Asus Eee vs. current district laptop standards - 87 views

started by Stephanie Sandifer on 06 Apr 08 no follow-up yet
  • Stephanie Sandifer
     
    I am a huge advocate for implementing 1:1 with Asus Eee portables, but in recent F2F discussion with a colleague I was challenged to defend why the Asus Eee would be a better alternative to the current district standard laptop specifications.

    For the purpose of this discussion, the typical "standard laptop specs" in my district include: HP 6910p (Intel Core 2 Duo T7100, 1.8 GHz, Dual Core, 2MBL2 Cache; 1 GB, DDR2 667MHz SDRAM, 1 DIMM +1 open slot; 80 GB Hard Drive, 5400rpm SATA); Apple MacBook (current specs not listed on district website, but usually matches current minimum specs on MacBook as listed on Apple Store website); Latitude D630 (Intel Core 2 Duo T7100, 1.8 GHz, Dual Core, 2MBL2 Cache; 1 GB, DDR2 667MHz SDRAM, 1 DIMM + 1 open slot; 80 GB Hard Drive, 5400rpm SATA); Lenovo ThinkPad R61 (Intel Core 2 Duo T7100, 1.8 GHz, Dual Core, 2MBL2 Cache; 1 GB, DDR2 667MHz SDRAM, 1 DIMM + 1 open slot ; 80 GB Hard Drive, 5400rpm SATA)

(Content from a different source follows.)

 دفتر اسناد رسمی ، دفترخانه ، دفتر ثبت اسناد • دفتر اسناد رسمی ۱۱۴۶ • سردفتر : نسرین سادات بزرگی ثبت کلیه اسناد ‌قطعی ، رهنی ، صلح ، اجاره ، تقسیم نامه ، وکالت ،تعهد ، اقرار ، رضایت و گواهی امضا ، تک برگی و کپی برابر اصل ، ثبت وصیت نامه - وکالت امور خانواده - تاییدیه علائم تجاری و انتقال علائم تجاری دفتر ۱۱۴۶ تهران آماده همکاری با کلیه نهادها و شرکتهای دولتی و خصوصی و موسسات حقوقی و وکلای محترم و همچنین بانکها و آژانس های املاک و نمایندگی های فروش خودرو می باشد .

    All standard specs listed above come with standard district load that includes Windows XP and most recent MS Office Suite of applications (Word, PPT, Excel, Access, Frontpage).

    So I am putting this out here as a discussion for us to explore "talking points" when it comes to trying to push this idea within our districts.

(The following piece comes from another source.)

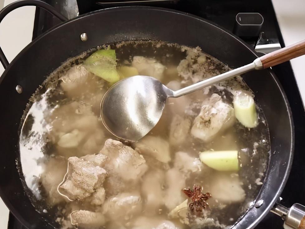 水开漂出浮沫,然后继续煮几分钟,之后把排骨捞出,用热水清洗,洗干净控水备用。先准备一个锅烧适量水,一会炖排骨用,另起锅烧油,热锅凉油,油少放一点,因为排骨还会出油,加入葱段、姜片、桂皮、花椒、八角,炒香,加入洗净排骨块,翻炒一下,加入冰糖老抽和酱油调色,用冰糖老抽就不用炒糖色了,然后继续翻炒,均匀上色之后,加入热开水,大火烧开,炖十分钟或者十五分钟,加入适量胡椒粉和盐,时间充裕的,可以继续用小火炖一个半小时。

    Specifically, I have some guiding questions that may help direct the discussion:

    1. Life cycles -- will the Asus Eee match or exceed current laptop life cycles (of 3 to 5 years)? (Personally, to me this is not an issue because if the current lifecycle of our laptops is only 3 to 5 years, then I don't see why we shouldn't consider a high school 1:1 program where students are issued a laptop in 9th grade and then are awarded the laptop at graduation if they graduate on time.)

    2. Microsoft Office as business standard office suite -- How can we say we are preparing our students for college and careers if they aren't using the "industry-standard" software? (I hate this question, but it does come up in these discussions with non-believers.)

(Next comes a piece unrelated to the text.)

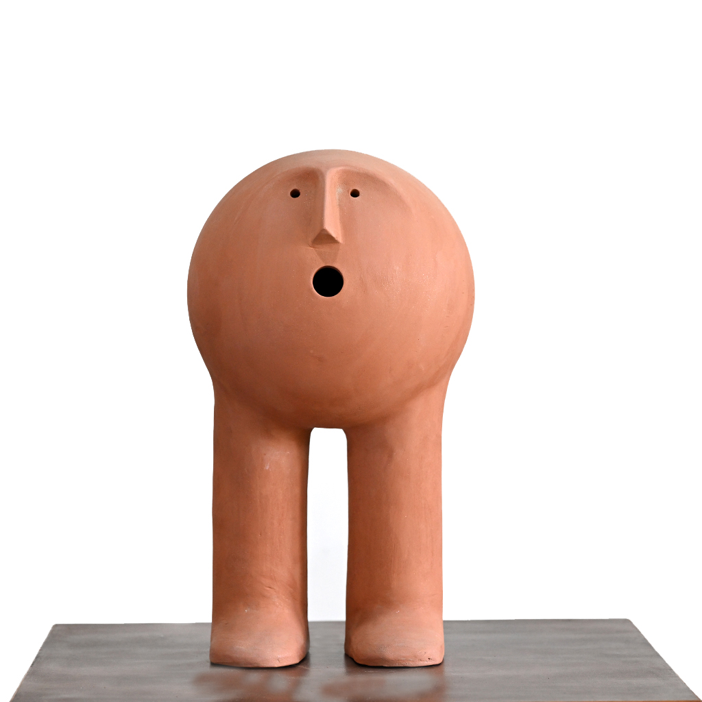 This unique terracotta sculpture features a wide-eyed, expressive face nestled within multiple layers of unfurling, petal-like forms that rise from a textured cylindrical base. The figure is crowned with a tall, pointed headdress adorned with a circular emblem, giving the piece a distinct folkloric or ritualistic character. Throughout the work, the natural orange-red clay is…

    3. Wear & Tear -- Similar to the "life cycle" issue -- what kind of wear & tear can we expect with the Asus Eee vs. current standard laptops? This also includes a question about what kinds of demands the use of this laptop will place on tech support when there are software issues?

    4. Cost of Asus Eee = "cheap" -- this flies in the face of "status quo" thinking about quality and craftsmanship. What talking points will help advocates challenge this embedded way-of-thinking about cost vs. quality?